Jobs: This year’s WWDC mainly about iPhone, maybe next year will be about Mac; no hidden meaning

invisibleSHIELD case for iPad“This year’s WWDC is undeniably iPhone heavy, a fact evidenced by the relatively few number of Mac sessions along with Apple’s decision to do away with the Apple Design Awards for Mac apps,” Edible Apple reports. “So what does this all mean? Is Apple’s focus on the Mac waning?”

Edible Apple reports that Matthias Gansrigler, the developer of Flickery, “decided to email Apple CEO Steve Jobs to see what was up.”

Jobs responded:
We are focusing primarily (though not exclusively) on iPhone OS this year. Maybe next year we will focus primarily on the Mac. Just the normal cycle of things. No hidden meaning here. – Steve Jobs, Apple CEO

Full article here.


  1. I mean, seriously, what more do we need out of 10.6 right now? I’d rather see them focus on the iPhone/iPad for a while and then have them transfer over some of the tech back to the Mac……

  2. The “hidden meaning” is that Apple is confident about the momentum, maturity, and continued steady growth of the Mac platform. iPhone OS is still very young and developing into what Apple wants the platform (which just now includes the iPad) to be.
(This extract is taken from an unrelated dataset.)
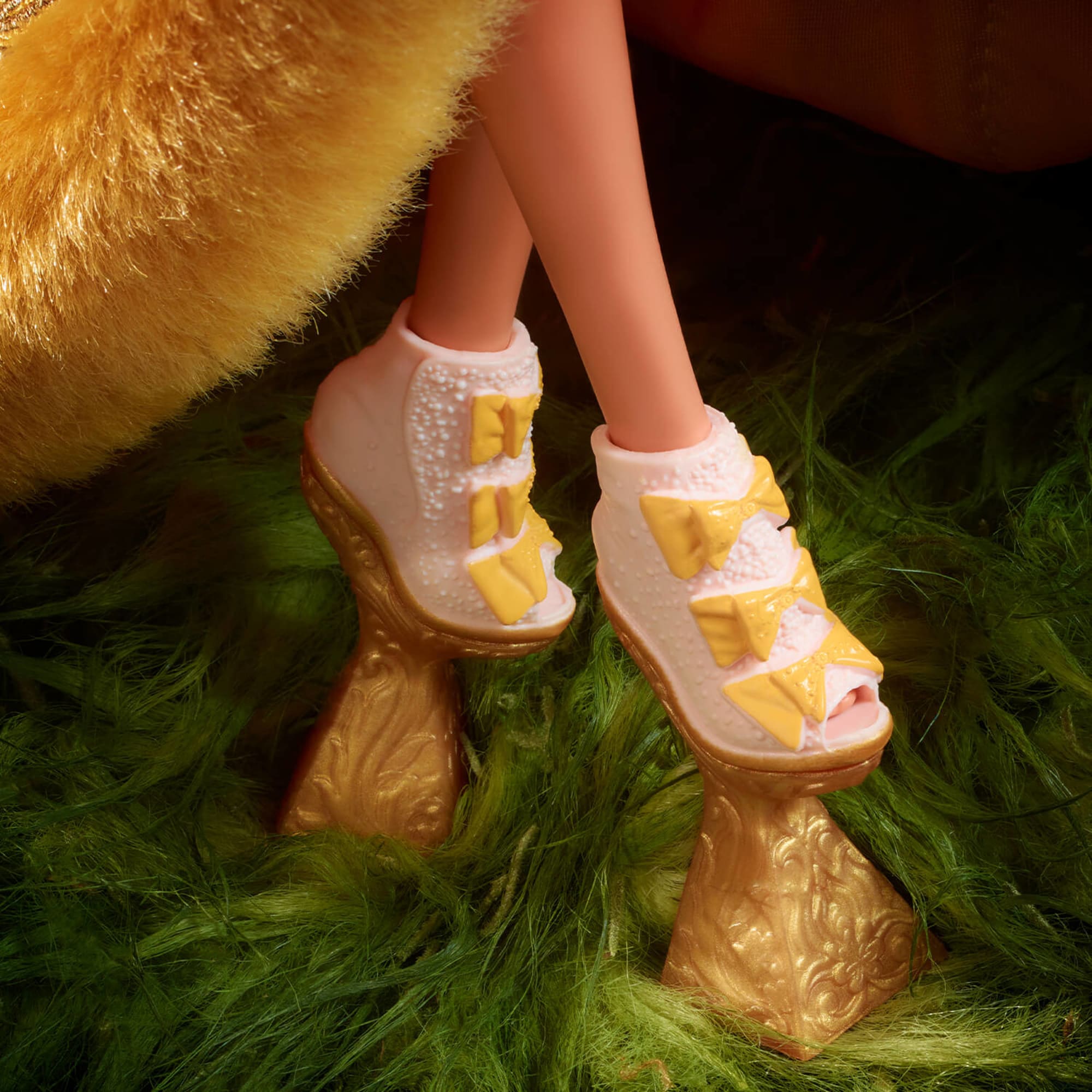 As one of China’s most renowned couturiers. Guo Pei combines her rich cultural heritage with contemporary innovation. She brings this unique combination to life with the intricacy of her signature royal embroidery craftmanship. Barbie doll dazzles in a couture look inspired by Guo Pei’s original design. using a color once reserved for Chinese nobility. The stunning brocade gown features ornate embroidered details and a faux fur trim. A striking golden headpiece. golden accessories. and high-fashion shoes complete her look.

Apple under Steve Jobs is consistently focused like a laser.

  3. People need to relax. Apple announced when Snow Leopard was released that it was going to slow the development of Mac OS X, and likely for the reasons stated by ericdana above: what else needs to be added?

    Sure, other cool new features can be added, but unless a new 3D touch interface is being put in, does Apple really need to keep pushing major upgrades out at 18 month intervals? No. In fact, a slower major OS revision schedule will likely keep future upgrades being very polished and bug-free.

    Heck, even a slower Apple OS development schedule is still half of what Microsoft needs, and Apple actually accomplishes something.

  4. I’m sure that development is going forward on 10.7 (insert name of big cat here), but it’s not far enough along to release to developers. In the meantime, iPhone OS 4.0 is going to be huge, not only because of the prospect of new phones that will harness the full power of the system (multitasking and other aspects), but because of applications for the iPad which is just a few months old. Unlike certain other tech companies (Microsoft, Adobe, etc.), Apple is also able to multitask just like the new iPhone OS will.

  5. Actually, I’m kinda looking forward to it.

    I’ve wanted to go to some iPhone sessions for the last few years, but there’s either been a session conflict with a Mac session that I should go to or I’ve had to be down in one of the labs harassing DTS guys (Made some money last year when a DTS guy bet me I couldn’t reproduce a bug that I showed him…)

    Of course, the Mac sessions they’ll leave in will probably be the ones I should go to because they’re not applicable to iPhone OS (kernel extensions, launchd, securityd, whatever they’re planning to replace DirectoryServices with, etc.)

  6. @MadMac

    Just because they clearly see mobile as a growing market for the future, doesn’t mean it’s the ONLY market. There is clearly a space for desktops in the home, and especially in the workplace.

    I couldn’t see doing what I do on a mobile device. Not enough screen space, not powerful enough, not expandable enough etc etc.